Tau is a microtubule-associated protein with many physiological functions, including modifying microtubule stability, neuronal morphology, vesicle transport and trafficking (1,2). Tau dysfunction contributes to a number of diseases, termed tauopathies, either as the primary causative agent (e.g., Pick’s disease) or as a component of the neuropathology (e.g., Alzheimer’s disease). In Alzheimer’s disease, abnormally phosphorylated tau dissociates from microtubules and aggregates to form oligomers and fibrils, accumulating in the soma-dendritic compartment. Tau can further aggregate to form neurofibrillary tangles (NFTs), whose abundance correlates with disease progression (3,4). However, it appears that the soluble tau oligomers (oTau) are the most bioactive, in terms of disrupting neuronal function. Indeed, the toxic effects of tau oligomers can occur in the absence of NFT pathology (5–7). Although the toxicity of oTau is now well established, the mechanistic basis of oTau actions on neuronal function are poorly understood.
Electrophysiological studies have revealed several pathological mechanisms for the actions of full length (FL) oTau, including alterations in neuronal excitability and changes in short- and long-term synaptic plasticity (8–11). Viral introduction and transgenic models are commonly used to explore the roles of oTau in pathology (5–7). While these methods generate valuable data, they provide little information on the concentration and structural conformations of oTau that are responsible for the neurotoxic effects. For other approaches, such as the extracellular application of oTau to tissue or cell cultures (12–14), cellular uptake may be the limiting step, reducing the observed toxicity.
To address these limitations, we have used whole-cell patch-clamp recording to introduce oTau into single neurons and has enabled specific targeting to either pre- or post-synaptic cells (8,15). This approach only requires small amounts of oligomers, each cell acts as its own control and electrophysiological alterations can be observed in real time. Furthermore, direct comparisons can be made between different concentrations and structural conformations of the oTau introduced. Using this approach, we have previously demonstrated that full-length (FL, prepared from recombinant full-length human tau 1-441) oTau (44-444 nM) modifies the excitability (as measured by a change in firing rate), input resistance and action potential waveform of CA1 pyramidal neurons.
We hypothesized that using specific truncations of the tau molecule, we would be able to dissect apart these effects, which would help in identifying the underlying mechanisms. We therefore created truncated versions of tau, informed by a physiologically relevant truncation at amino acid 123 that was recently discovered in AD patients. We used oligomers formed from tau lacking the N-terminal region (aa 124-441; CFRAG) and soluble aggregates of the non-oligomer forming N-terminal fragment (aa 1-123; NFRAG).

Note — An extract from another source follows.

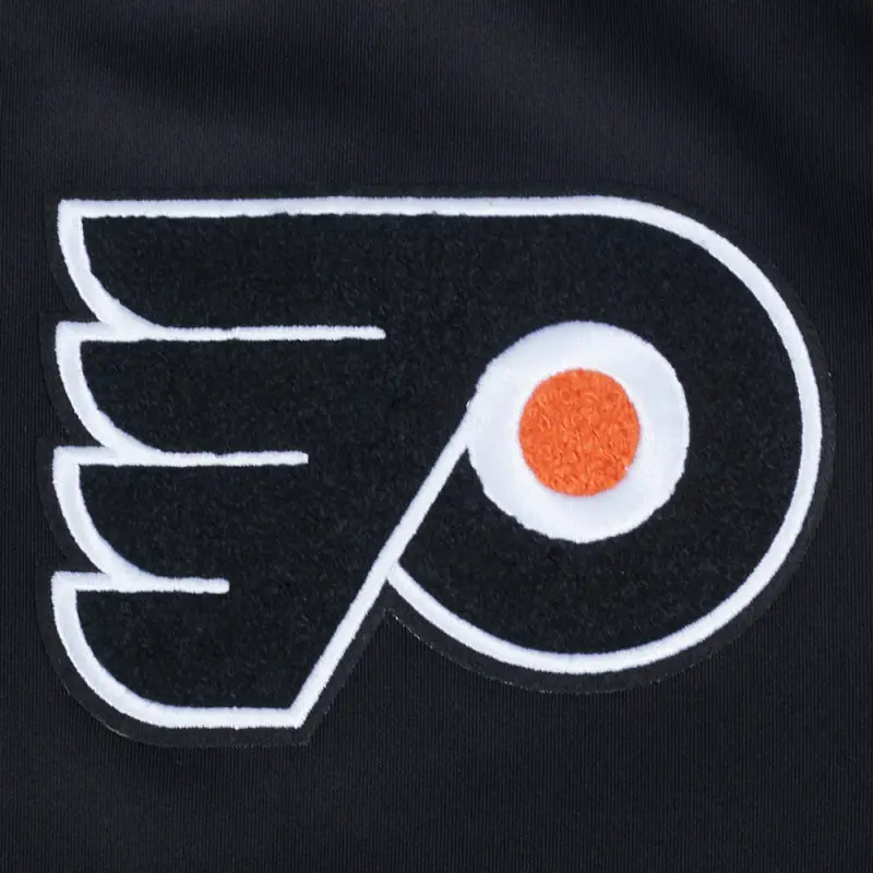 NHL PHILADELPHIA FLYERS CLASSIC CHENILLE MEN’S DOUBLE KNIT TRACK JACKET (BLACK)

We found that CFRAG-oTau did not replicate the effects on action potential kinetics or input resistance that were observed with FL-oTau but did still increase firing rate. We then showed that this firing rate increase is mediated by a reduction in the minimum current required to elicit an action potential, which in turn results from a reduction in the spike initiation threshold. Thus, the neurons become more excitable.
Conversely, we found that NFRAG-Tau aggregates changed the action potential height and width without increasing input resistance or excitability. Surprisingly, NFRAG monomers produced comparable changes to action potentials. Thus, the effects of NFRAG are likely to be unrelated to its quaternary structure and instead maybe associated with a specific sequence within the NFRAG tau.
Given the nature of the changes in action potential waveform and excitability, we hypothesised that tau might be interacting with voltage-gated sodium channels and altering their function. We adapted a published protocol to allow us to record voltage gated sodium currents in acute slices. We found that FL-oTau had three effects on sodium channel currents: Firstly, the half activation was reduced, reflecting the increase in neuronal excitability, consistent with the effects of CFRAG-oTau. Secondly, the rate of activation was reduced underlying the slower action potential rise, consistent with the effects of NFRAG-tau. Finally, FL-oTau reduced the maximum sodium conductance by ~ two thirds. To investigate the effects this would have on the AP, we implemented a simplified action potential model (16). Reducing the maximum sodium conductance had effects that replicated our data (reduced action potential amplitude and change to threshold).
This simple, yet highly effective technique of introducing structurally defined aggregated proteins into single neurons has allowed us to study the actions of tau with unparalleled levels of detail and provides a unique opportunity to understand the underlying pathology for tauopathies. By truncating the tau molecule, we have probed the mechanisms that underlie tau dysfunction, and this increased understanding of tau’s pathological actions will build towards developing future tau-targeting therapies.